Considerada una de las áreas de mayor dificultad en
el área de la traducción, las traducciones de patentes pesentan
desafíos sin igual.
En primer
lugar, las patentes emplean una combinación de lenguaje legal y
técnico. Generalmente, la redacción de las patentes se encuentra a
cargo de abogados especializados en patentes que poseen una sólida
formación técnica o, por lo menos, una muy sólida comprensión de
aspectos técnicos. A fin de comprender y traducir correctamente dichas
patentes, los traductores deben contar con esas mismas habilidades.
Además, dado que los reglamentos en materia de patentes varían de un
país a otro, el conocimiento lingüístico del traductor debe
complementarse con el conocimiento de dicho reglamento.
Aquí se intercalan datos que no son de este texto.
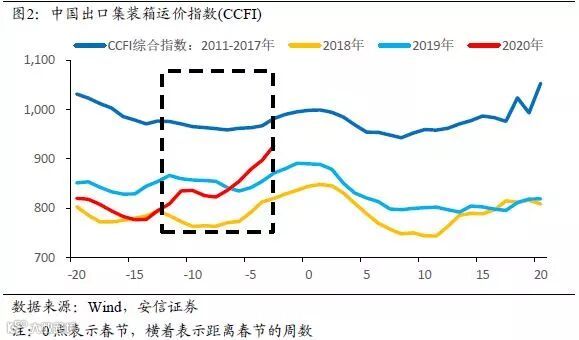 2020年春节提前对于12月出口同比影响如何?我们认为春节效应可能对12月出口的影响有限。证据来自于CCFI综合指数,该指数在接近春节时会出现上升。但是一方面,2020年CCFI综合指数的上升远远大于历史趋势;另一方面,该指数与我国PMI指数均在大约两个月前出现回升。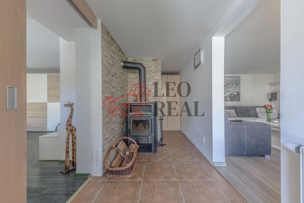 Současná dispozice domu je 3+1. Podkroví je vhodné k vestavbě dalších pokojů. Vytápění domu zajištují krbová kamna s výměníkem + elektrokotel, ohřev vody pak bojler.
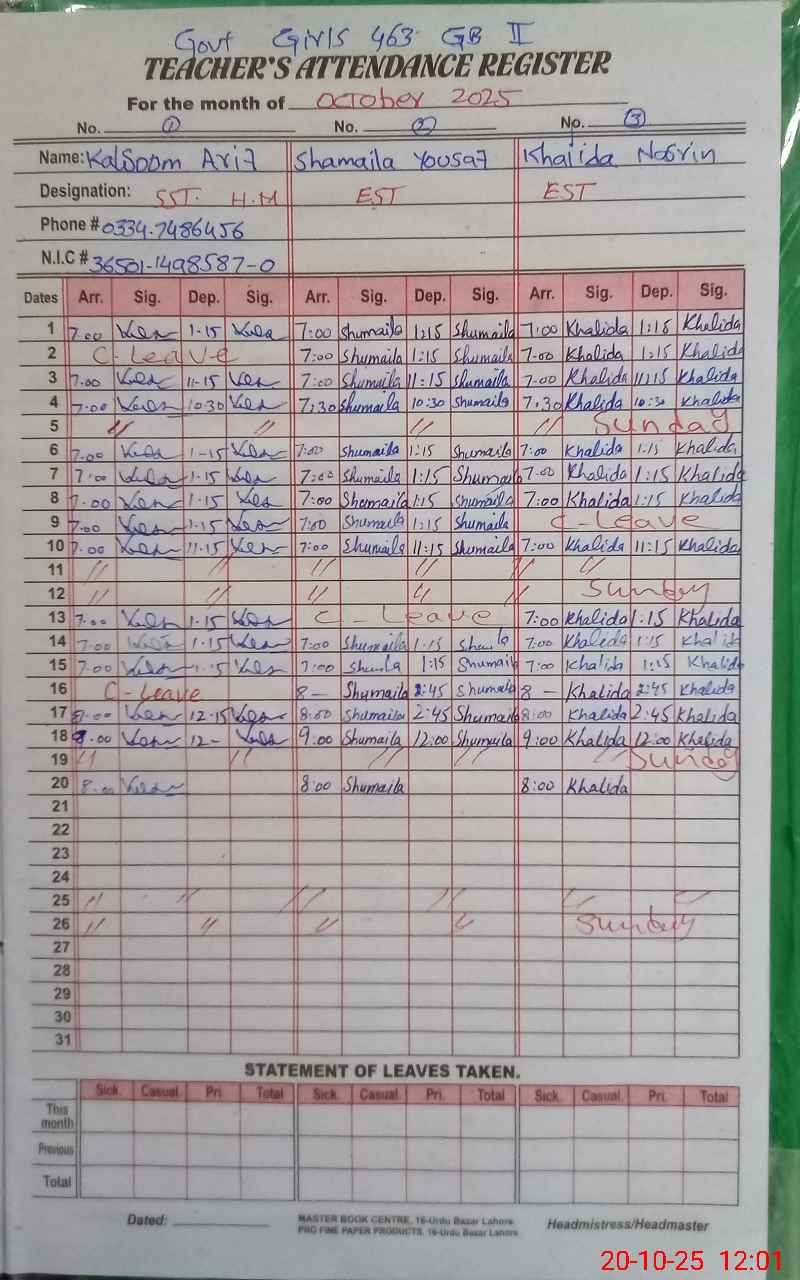 | Name: KA**** AR**** Designation: (School Headmaster's/Headmistress's) SST (GENERAL ) Phone/Cell Number: 03**** |

Una mala
traducción de una patente, incluso una sola palabra traducida
erróneamente, puede generar inmensos problemas, que pueden costarle
millones de dólares a una compañía. Esto impone una gran presión en los
traductores, una presión que muchos traductores desean evitar por
completo.
Otro desafío es
encontrar traductores calificados que deseen invertir una cantidad
considerable de tiempo en un proceso de aprendizaje complejo para
desarrollar conocimientos y experiencia en este campo. Para las
traducciones de patentes, es fundamental que una agencia de traducción
tenga, para cada idioma, equipos lingüísticos completamente dedicados a
la traducción de patentes con la formación y experiencia necesarias.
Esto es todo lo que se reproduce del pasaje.